Hachette (p. 60-67).
Première partie


VII

Swanson Cottage.


J’avais deux projets. Le premier était, naturellement, de m’éloigner au plus vite du château et de la ville ; le second, de me frayer un chemin vers le sud pendant qu’il faisait encore nuit, de manière à me trouver près de Swanston Cottage au lever du jour. Ce que je ferais ensuite, quand je serais là, je n’en avais aucune idée ; et, en vérité, je ne m’en inquiétais guère, ayant toujours eu un culte particulier pour les deux divinités qu’on appelle l’Occasion et la Chance. « Prépare-toi et prends tes précautions ; mais, lorsque c’est impossible, va droit devant toi, en tenant tes yeux ouverts et ta langue bien huilée ! » C’était là le principe essentiel de ma philosophie.

Mon voyage fut d’abord assez accidenté. Je m’embarrassai dans des jardins, je butai sur des maisons, et j’eus même la malchance d’éveiller une famille, dont un membre, le père, je suppose, me menaça par la fenêtre avec un fusil. Je me trouvais encore à peu de distance du château, bien que j’eusse marché au moins une bonne heure, quand un événement des plus fâcheux vint rendre ma fuite tout à fait difficile. Brusquement, un grand cri rompit le silence de la nuit. À ce cri succéda comme un bruit de chute, que suivit à son tour le bruit d’une fusillade, du haut des remparts du château. En quelques minutes, l’alarme se répandit à travers la ville. Les tambours se mirent à battre, les cloches à sonner, et, de tous côtés, les veilleurs de nuit commencèrent à agiter leurs crécelles. Même dans les faubourgs que je traversais, des lumières apparurent aux fenêtres. Des volets s’ouvrirent. J’entendis des voisins entamer des conversations de fenêtre à fenêtre ; et enfin je fus moi-même pris à partie.

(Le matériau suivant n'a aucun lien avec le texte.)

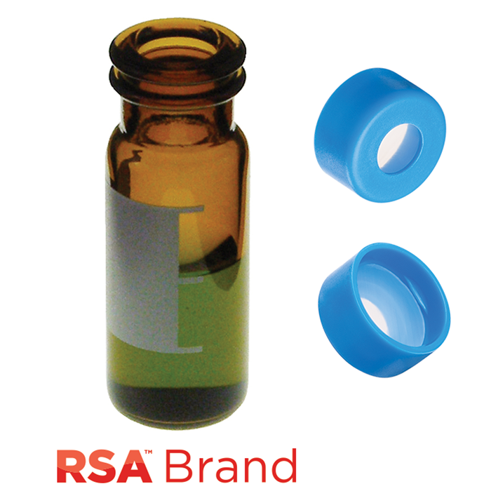 Vial & Cap Kit includes 100 EA 2ml, Snap Top, Amber RSA™ Autosampler Vials with Write-On Patch and fill lines and 100 EA matching Snap Caps with Silicone Rubber / PTFE, ultra-pure Septa, fitted in the Light Blue Caps. RSA Brand Easy Purchase Pack. 1 PK.

« Qui est là ? » me cria une grosse voix.

Je pus voir que cette voix provenait d’un gros homme, coiffé d’un bonnet de coton, et appuyé au rebord d’une fenêtre. Je me trouvais, par malheur, si près de sa maison que je crus plus sage de lui répondre. Jamais encore je n’avais attaché autant d’importance à la correction de mon accent anglais ; j’avais l’impression que de cet accent allait dépendre toute ma destinée. Ramenant autour de moi une sorte de cape que je m’étais faite avec une couverture, de manière à cacher ma livrée de prison :

« Ami ! répondis-je.

– Qu’est-ce que signifie tout ce collieshangie ? demanda l’homme. »

Jamais de ma vie je n’avais entendu parler d’un collieshangie ; mais, avec le bruit qui nous arrivait de la forteresse je n’avais aucun doute sur le sens du mot.

« Je ne sais pas, monsieur, dis-je, mais je suppose que ce sera un des prisonniers qui se sera échappé

— Mon Dieu ! s’écria l’homme épouvanté.

— Oh ! mais il ne tardera pas à être repris ! ajoutai-je. On se sera aperçu en temps de la chose. Bonjour, monsieur !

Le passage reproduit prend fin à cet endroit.